There is a debate over the definition of "high crimes and misdemeanors" that merit impeachment according to the U.S. Constitution, Laurence Tribe, the Harvard constitutional law professor, told a New York Law School audience Friday .

But that debate isn't relevant in the impeachment inquiry into President Donald Trump, he said.

"We're now dealing with something that so dramatically and obviously exemplifies the very heart of what a high crime and misdemeanor is that the lesson that will be taught if this president is not removed by the Senate after being impeached by the House is that nothing counts as a high crime and misdemeanor," he said.

Not impeaching Trump now, based on the information available, would mean the country no longer has the effective impeachment power that the Framers intended, Tribe said.

"The Framers of the Constitution realized that waiting until the next election wouldn't always be safe," he said, adding that the country's early leaders were particularly concerned by foreign intervention in elections and, more broadly, presidents acting toward their own benefit while in office.

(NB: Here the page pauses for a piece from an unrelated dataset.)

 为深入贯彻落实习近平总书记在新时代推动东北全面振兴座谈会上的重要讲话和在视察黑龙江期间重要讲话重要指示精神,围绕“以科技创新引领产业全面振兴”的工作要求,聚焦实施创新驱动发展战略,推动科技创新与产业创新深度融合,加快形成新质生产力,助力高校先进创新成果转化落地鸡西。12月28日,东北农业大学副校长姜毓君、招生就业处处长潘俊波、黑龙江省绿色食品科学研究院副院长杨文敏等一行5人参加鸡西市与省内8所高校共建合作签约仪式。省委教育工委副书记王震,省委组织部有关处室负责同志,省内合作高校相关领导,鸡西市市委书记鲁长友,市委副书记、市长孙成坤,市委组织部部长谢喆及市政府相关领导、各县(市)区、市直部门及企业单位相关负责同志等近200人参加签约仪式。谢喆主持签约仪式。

Trump has threatened to take his impeachment to the courts, but Tribe said no court really has standing to handle the issue, especially if they're being asked to adjudicate the substance of the allegations against Trump.

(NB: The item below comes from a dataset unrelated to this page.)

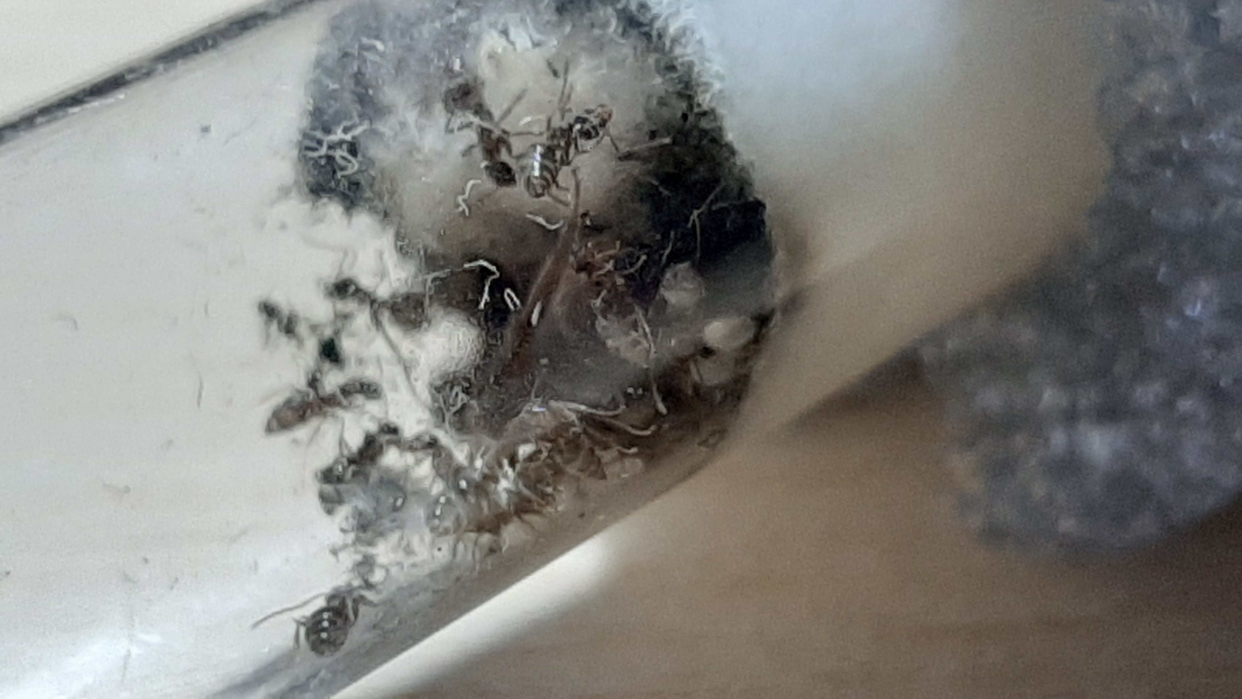A luglio ho trovato la mia prima regina, quella appunto di Lasius e dopo solo un mese sono nate le prime operaie. Fino ad ottobre, al raggiungimento delle 15 operaie, non mi ha mai dato nessun problema. Poi, quando sono arrivate ad un numero intorno alle 20 operaie, verso fine novembre, mi sono accorto che il cotone della provetta era totalmente nero. No problem, le trasferisco in un'altra nuova, e' normale.

He said there's some opening for a court to consider procedural issues, but even in that case, he's not sure which court would have standing.

Tribe praised the recent decision by U.S. Senior District Judge Victor Marrero of the Southern District of New York in Trump's lawsuit against the Manhattan District Attorney's Office over a grand jury subpoena for his tax returns.

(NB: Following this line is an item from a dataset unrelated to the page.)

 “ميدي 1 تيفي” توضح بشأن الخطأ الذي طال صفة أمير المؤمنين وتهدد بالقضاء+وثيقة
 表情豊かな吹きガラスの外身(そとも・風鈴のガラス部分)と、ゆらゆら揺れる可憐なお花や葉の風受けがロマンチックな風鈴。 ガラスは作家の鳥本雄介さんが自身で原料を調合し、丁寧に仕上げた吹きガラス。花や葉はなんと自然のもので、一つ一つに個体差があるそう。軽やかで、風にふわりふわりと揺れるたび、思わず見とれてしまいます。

Marrero dismissed the suit and criticized at length memos from the U.S. Department of Justice's Office of Legal Counsel, which the president's lawyers have cited in their arguments for presidential immunity. The memos are not the same as high court opinions, he said.

The newly approved public phase of impeachment proceedings in the U.S. House of Representatives is likely to have a significant effect on popular opinion, if former President Richard Nixon's impeachment process is any guide, Tribe said.

But comparing Nixon's situation to Trump's is like comparing "apples to apple orchards," Tribe said, so the Trump hearings should be even more dramatic.

Tribe was interviewed by Jeffrey Toobin, a CNN legal analyst who also writes for The New Yorker, as part of New York Law School's Sidney Shainwald Public Interest Lecture Series.

Before discussing impeachment, Toobin asked Tribe about his early childhood during World War II in Shanghai, where his parents had arrived after leaving Russia in the Jewish diaspora. Tribe and his mother were stateless, he said, but his father had American citizenship. The family eventually made it to the west coast of the United States, where Tribe grew up before attending Harvard.